This blog is a collection of my observations of the world. It’s my way of processing my experiences into something that is hopefully comprehensible so I can learn and grow from them. It’s my way of sharing my experiences as a person of color, as a woman, as an Asian American in a world that doesn’t particularly like me in hopes that others can relate and see themselves within me.
I write a lot about race because my life and my thoughts are usually consumed by it. Please do not tell me I am obsessed with race. To be obsessed with something is to be preoccupied with it to a troubling extent. I do not believe that is possible for a topic like race. In fact, it is my opinion that anyone who lives in America and does not think about race is avoiding it to a troubling extent.
I write less about what it is like to be a woman because I still fear I do not have enough authority or experiences to do so. I realize this is ridiculous. I am working on it.
I write about being a student at a predominantly white institution (PWI) because I am a student at a PWI and I have a lot of things to say about it. We talk a lot about the lack of diversity in the classroom and in the workplace, but the reality of it is so stark and so startling it’s hard not to be jaded. If you’re someone who sees this, please know that you are not alone and that there are people who want to work to change this as much as you do. I don’t know how much good this knowledge will do, but I find commiseration usually helps. If you’re someone who does not realize this, please pay closer attention.
I try to write about my experiences as an Asian American. I try to write about what coming to terms with my Asian American identity means, the frustration and exclusion I have felt in Asian American circles, the curious sense of imposter syndrome I feel in my own skin.

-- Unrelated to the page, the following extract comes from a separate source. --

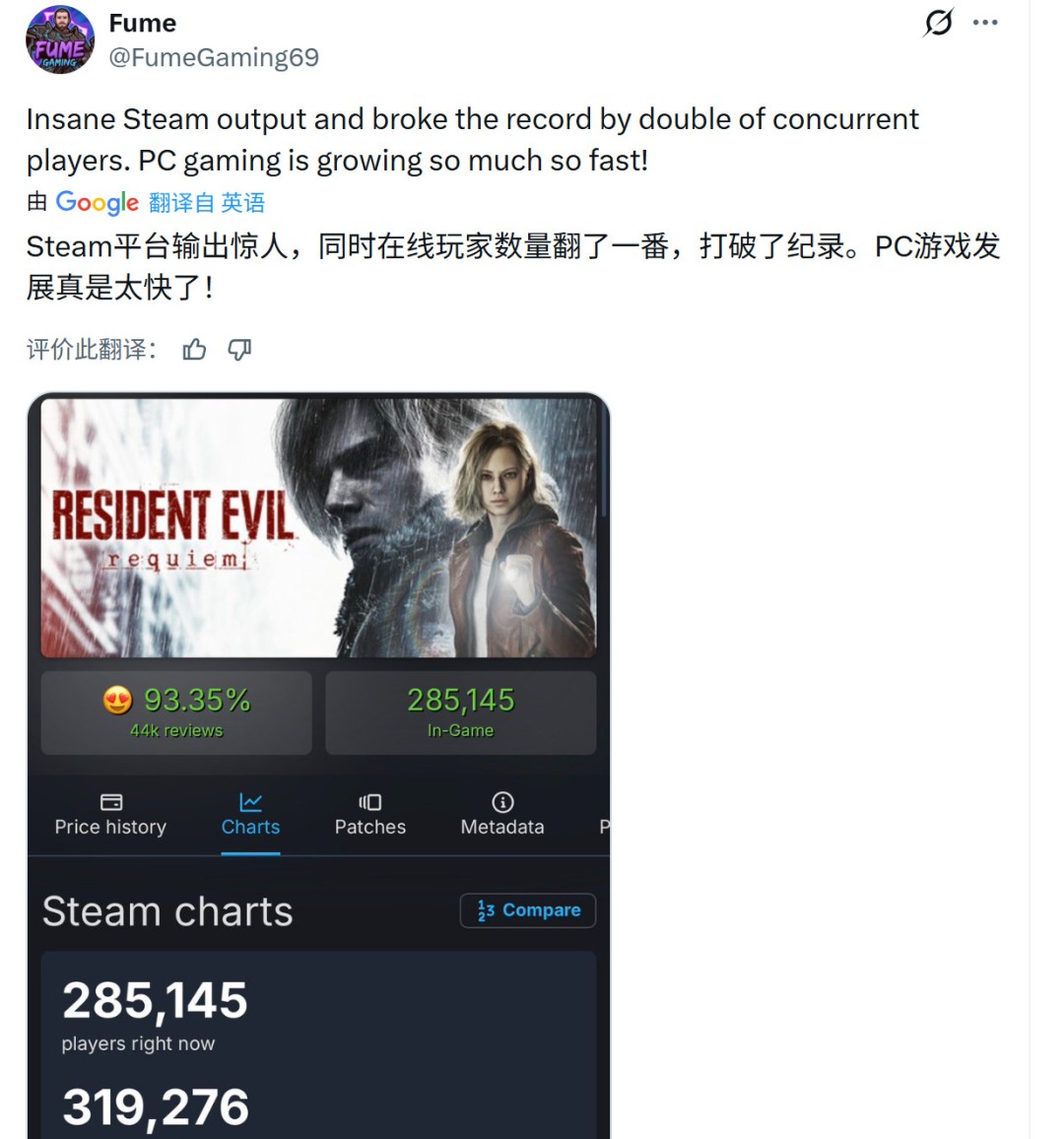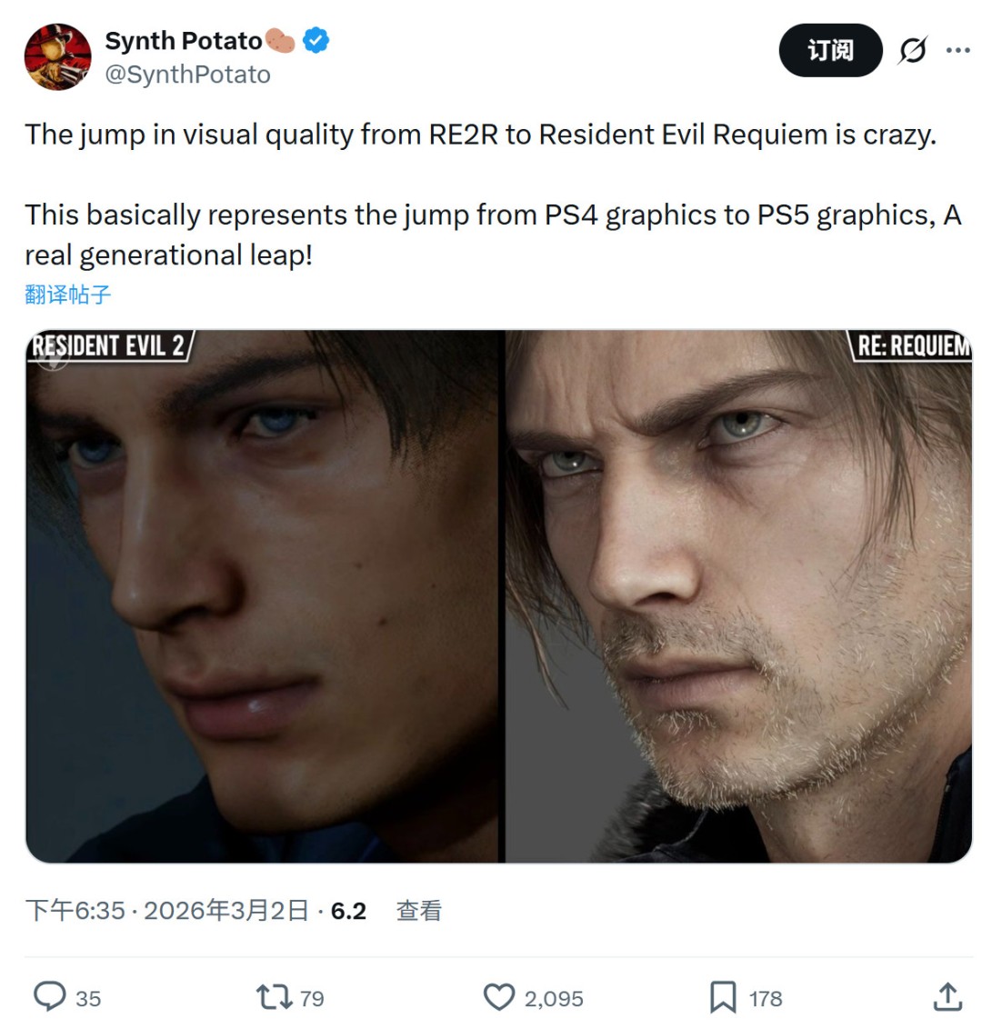 生化危机9现象还在继续,推主@SynthPotato称赞生化危机2:重制版到生化危机9的画质跃升简直太疯狂。这基本上代表着从PS4画质到PS5画质的一次飞跃,真正的代际跃迁。
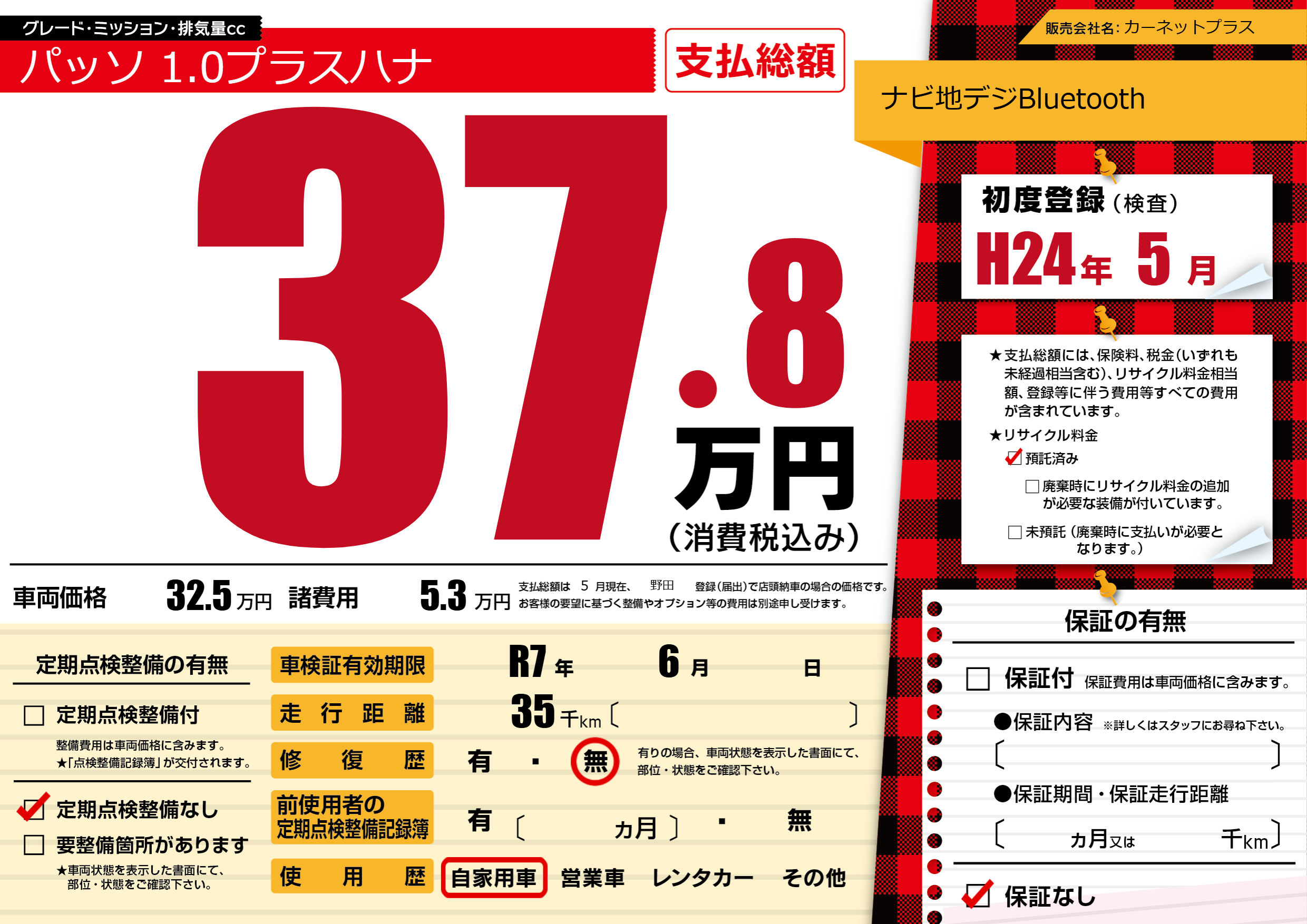 | 走行キロ | 3.5万km | 初年度登録 | H24年5月 |

I write about this because I think it is important and because I have yet to see enough Asian American stories in the world. (Question: Will there ever be enough Asian American stories? Will there ever be enough stories, period? Answer: I do not know, but we need to keep sharing them until we decide.) I write about these things, but I do not know if I succeed.
I try to be honest in my writing. I try to capture how I really feel while justifying it to people who may disagree. I will try not to parse my words to make them softer or more palatable. I will try to stand by what I believe. If you believe I am wrong, please tell me, but please do not be hostile. I am young. I will make mistakes. This is a fact of life.
As an Asian American, I am always trying to balance the line between East and West, always trying to fit myself and my world view into a culture that I fear I do not belong in. The problem with this, I’ve found, is that there is no alternative culture for me. I often I feel I’m a little of the East, a little of the West, but not enough to be fully accepted into either. My existence, the existence of many people of color in this nation, is perilous at best. Speaking with friends, I’ve learned this feeling is shared and overwhelming. I’ve decided to write about my experiences in hopes that others can connect to it and we can help each other make sense of it. So, come on, I guess. Let’s try to figure this out.